Exercise directions
Would you please copy each line below that includes the string "laut"?

Top of Records

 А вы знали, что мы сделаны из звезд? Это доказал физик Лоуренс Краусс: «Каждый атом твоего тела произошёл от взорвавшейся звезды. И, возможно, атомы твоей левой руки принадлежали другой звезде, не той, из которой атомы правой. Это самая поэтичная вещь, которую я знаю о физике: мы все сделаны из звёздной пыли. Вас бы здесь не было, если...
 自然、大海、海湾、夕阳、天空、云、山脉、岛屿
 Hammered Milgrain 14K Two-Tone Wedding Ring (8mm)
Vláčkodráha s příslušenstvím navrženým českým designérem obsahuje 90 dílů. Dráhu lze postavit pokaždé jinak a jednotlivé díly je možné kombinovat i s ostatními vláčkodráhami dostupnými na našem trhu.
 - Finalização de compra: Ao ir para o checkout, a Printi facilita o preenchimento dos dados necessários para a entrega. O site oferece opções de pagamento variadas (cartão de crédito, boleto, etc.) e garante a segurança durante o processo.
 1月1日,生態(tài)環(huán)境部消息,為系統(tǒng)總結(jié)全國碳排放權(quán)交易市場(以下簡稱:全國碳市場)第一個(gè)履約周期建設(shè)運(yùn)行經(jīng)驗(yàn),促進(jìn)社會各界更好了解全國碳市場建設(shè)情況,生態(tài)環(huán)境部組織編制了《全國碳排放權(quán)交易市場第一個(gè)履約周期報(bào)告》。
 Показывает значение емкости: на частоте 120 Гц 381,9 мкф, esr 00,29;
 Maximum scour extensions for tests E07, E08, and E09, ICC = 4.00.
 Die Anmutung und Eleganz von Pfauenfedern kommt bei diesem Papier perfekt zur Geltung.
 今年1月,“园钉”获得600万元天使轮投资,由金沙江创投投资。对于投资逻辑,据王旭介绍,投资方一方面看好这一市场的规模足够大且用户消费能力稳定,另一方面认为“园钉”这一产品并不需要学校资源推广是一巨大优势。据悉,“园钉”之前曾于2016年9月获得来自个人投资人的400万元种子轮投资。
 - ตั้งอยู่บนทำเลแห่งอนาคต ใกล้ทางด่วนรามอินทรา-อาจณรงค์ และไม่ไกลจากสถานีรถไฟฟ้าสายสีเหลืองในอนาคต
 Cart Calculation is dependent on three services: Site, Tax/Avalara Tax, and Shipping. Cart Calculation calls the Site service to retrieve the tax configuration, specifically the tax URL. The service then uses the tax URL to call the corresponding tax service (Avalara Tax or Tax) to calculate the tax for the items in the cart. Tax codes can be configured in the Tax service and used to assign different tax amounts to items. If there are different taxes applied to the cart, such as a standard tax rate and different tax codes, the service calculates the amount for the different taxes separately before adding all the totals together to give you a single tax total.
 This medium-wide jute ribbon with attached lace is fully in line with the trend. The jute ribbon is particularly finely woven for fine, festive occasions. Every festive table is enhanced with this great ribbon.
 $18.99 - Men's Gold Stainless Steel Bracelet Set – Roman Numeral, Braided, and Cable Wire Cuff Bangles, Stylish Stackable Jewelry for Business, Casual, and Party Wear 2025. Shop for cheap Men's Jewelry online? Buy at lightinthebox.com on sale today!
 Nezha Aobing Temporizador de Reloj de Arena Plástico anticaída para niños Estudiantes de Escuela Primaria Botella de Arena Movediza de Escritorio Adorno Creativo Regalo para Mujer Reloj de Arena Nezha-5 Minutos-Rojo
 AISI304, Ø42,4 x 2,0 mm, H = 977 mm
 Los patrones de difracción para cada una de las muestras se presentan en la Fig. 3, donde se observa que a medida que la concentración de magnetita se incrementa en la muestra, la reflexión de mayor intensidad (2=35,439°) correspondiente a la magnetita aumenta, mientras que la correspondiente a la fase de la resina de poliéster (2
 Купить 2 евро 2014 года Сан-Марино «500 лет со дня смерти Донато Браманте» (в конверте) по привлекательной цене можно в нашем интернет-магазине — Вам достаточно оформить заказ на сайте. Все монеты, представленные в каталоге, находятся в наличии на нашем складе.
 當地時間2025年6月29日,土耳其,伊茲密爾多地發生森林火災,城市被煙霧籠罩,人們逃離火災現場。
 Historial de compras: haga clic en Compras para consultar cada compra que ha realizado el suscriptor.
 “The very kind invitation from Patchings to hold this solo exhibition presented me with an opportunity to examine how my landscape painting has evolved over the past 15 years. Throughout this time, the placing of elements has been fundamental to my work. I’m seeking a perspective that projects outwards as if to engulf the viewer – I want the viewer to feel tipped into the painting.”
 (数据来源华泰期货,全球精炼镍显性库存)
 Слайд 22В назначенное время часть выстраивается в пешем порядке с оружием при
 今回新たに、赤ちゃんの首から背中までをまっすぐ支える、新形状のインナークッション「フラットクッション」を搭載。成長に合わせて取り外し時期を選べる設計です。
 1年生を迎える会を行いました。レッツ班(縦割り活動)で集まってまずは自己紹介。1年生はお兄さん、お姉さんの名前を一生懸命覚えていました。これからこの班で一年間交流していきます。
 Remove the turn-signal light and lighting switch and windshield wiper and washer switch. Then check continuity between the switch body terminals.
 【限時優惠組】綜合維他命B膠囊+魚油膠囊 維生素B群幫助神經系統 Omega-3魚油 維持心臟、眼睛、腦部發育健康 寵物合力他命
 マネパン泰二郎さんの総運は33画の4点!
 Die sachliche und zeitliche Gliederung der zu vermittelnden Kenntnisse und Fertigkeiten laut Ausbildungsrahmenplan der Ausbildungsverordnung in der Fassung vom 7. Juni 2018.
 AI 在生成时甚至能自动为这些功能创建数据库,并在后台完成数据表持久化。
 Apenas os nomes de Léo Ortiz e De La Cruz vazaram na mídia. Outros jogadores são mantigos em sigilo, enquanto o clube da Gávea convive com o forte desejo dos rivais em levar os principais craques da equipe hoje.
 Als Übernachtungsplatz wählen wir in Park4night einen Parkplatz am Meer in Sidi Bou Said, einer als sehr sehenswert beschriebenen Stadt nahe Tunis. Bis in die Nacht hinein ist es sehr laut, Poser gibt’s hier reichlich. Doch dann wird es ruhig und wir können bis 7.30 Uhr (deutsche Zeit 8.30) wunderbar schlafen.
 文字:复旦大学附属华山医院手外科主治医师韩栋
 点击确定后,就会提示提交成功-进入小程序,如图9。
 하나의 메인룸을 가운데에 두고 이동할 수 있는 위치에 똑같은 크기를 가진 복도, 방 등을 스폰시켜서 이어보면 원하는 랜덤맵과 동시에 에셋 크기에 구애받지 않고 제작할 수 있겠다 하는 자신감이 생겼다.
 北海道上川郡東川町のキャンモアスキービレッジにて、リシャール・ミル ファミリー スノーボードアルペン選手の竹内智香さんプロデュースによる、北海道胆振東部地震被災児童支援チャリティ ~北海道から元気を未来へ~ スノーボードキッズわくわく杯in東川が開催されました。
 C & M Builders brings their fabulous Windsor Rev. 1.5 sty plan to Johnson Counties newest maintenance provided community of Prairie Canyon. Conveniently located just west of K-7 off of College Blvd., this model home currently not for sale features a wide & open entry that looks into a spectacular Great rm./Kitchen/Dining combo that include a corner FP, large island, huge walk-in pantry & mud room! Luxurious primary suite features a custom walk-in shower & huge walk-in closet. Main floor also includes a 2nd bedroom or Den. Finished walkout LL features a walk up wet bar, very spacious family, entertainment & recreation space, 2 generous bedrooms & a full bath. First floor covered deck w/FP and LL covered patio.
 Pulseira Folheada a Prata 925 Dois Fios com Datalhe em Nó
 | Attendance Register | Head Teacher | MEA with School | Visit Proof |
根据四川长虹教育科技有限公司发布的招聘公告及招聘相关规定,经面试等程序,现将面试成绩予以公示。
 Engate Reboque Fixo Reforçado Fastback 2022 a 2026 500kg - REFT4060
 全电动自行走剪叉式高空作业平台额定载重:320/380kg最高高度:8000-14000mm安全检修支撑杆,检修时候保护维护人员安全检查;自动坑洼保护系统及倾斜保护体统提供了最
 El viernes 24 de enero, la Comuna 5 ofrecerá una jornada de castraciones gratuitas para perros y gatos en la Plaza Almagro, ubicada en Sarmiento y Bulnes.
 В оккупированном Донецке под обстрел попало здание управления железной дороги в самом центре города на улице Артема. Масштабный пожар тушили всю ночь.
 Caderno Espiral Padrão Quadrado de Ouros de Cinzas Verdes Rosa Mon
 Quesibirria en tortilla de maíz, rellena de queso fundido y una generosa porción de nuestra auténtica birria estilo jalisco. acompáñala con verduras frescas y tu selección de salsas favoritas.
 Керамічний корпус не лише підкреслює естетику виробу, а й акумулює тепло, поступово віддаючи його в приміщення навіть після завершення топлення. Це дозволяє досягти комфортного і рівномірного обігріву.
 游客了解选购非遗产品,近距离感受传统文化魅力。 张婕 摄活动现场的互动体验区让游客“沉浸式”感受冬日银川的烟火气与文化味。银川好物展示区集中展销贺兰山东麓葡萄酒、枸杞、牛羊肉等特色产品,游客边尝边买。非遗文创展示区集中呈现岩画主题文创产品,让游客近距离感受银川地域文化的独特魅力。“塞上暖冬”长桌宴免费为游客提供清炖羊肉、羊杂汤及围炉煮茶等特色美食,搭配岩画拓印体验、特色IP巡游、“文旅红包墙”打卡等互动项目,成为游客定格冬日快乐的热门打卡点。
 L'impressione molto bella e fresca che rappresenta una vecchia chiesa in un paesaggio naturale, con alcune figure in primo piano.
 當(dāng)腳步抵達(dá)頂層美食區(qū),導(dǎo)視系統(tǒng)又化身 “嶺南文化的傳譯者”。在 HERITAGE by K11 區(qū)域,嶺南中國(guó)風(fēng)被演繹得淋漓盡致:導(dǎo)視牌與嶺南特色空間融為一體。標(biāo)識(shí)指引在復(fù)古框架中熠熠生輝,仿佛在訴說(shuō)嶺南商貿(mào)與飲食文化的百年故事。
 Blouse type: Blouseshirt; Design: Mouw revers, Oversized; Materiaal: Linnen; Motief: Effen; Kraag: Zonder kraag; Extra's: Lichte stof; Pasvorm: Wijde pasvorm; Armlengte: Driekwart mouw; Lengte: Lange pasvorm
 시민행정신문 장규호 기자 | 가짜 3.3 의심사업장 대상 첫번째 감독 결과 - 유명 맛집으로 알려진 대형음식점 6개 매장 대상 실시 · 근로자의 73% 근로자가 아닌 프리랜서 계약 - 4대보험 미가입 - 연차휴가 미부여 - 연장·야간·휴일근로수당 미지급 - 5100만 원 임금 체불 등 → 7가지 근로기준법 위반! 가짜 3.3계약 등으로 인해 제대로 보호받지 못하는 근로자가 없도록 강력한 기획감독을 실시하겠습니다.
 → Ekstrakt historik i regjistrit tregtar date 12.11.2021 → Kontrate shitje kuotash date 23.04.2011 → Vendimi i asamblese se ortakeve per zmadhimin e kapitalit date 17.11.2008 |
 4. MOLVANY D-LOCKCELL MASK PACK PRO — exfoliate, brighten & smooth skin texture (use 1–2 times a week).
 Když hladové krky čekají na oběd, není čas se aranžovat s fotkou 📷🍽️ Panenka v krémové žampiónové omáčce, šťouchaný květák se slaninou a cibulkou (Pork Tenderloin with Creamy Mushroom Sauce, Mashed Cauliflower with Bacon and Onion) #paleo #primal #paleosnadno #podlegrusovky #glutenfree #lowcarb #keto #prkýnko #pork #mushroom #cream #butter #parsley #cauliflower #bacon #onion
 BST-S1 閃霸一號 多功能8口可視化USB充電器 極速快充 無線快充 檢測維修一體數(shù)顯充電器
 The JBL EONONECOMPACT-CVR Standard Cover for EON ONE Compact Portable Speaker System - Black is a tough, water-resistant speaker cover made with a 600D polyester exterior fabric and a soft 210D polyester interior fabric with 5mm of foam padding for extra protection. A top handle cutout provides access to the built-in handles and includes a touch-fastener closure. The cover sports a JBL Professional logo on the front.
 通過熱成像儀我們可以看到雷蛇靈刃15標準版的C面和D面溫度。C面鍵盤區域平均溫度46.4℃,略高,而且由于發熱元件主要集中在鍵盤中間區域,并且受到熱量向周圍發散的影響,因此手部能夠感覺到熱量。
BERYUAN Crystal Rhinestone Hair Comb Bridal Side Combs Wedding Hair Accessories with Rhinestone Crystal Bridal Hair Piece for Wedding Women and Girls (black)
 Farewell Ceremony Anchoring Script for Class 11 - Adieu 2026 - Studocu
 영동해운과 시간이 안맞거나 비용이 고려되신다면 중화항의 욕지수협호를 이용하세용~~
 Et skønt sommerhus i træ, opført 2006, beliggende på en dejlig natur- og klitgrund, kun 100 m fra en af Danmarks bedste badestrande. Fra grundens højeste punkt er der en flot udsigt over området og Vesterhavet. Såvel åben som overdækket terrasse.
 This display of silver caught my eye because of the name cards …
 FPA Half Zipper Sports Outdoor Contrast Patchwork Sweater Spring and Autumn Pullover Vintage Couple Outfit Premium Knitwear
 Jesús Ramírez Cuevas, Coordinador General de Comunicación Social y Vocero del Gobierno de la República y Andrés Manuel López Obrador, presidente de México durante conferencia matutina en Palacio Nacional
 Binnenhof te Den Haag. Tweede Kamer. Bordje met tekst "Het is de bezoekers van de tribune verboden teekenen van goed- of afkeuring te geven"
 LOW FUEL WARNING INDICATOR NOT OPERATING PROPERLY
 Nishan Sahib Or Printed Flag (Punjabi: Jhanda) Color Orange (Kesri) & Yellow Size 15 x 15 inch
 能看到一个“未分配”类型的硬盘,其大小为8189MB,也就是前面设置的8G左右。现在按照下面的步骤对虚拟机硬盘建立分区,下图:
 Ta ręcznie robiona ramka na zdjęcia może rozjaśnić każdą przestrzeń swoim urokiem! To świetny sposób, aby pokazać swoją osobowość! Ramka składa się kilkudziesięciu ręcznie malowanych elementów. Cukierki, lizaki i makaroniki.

Bottom of Records

Expected output
 Die sachliche und zeitliche Gliederung der zu vermittelnden Kenntnisse und Fertigkeiten laut Ausbildungsrahmenplan der Ausbildungsverordnung in der Fassung vom 7. Juni 2018.
 Als Übernachtungsplatz wählen wir in Park4night einen Parkplatz am Meer in Sidi Bou Said, einer als sehr sehenswert beschriebenen Stadt nahe Tunis. Bis in die Nacht hinein ist es sehr laut, Poser gibt’s hier reichlich. Doch dann wird es ruhig und wir können bis 7.30 Uhr (deutsche Zeit 8.30) wunderbar schlafen.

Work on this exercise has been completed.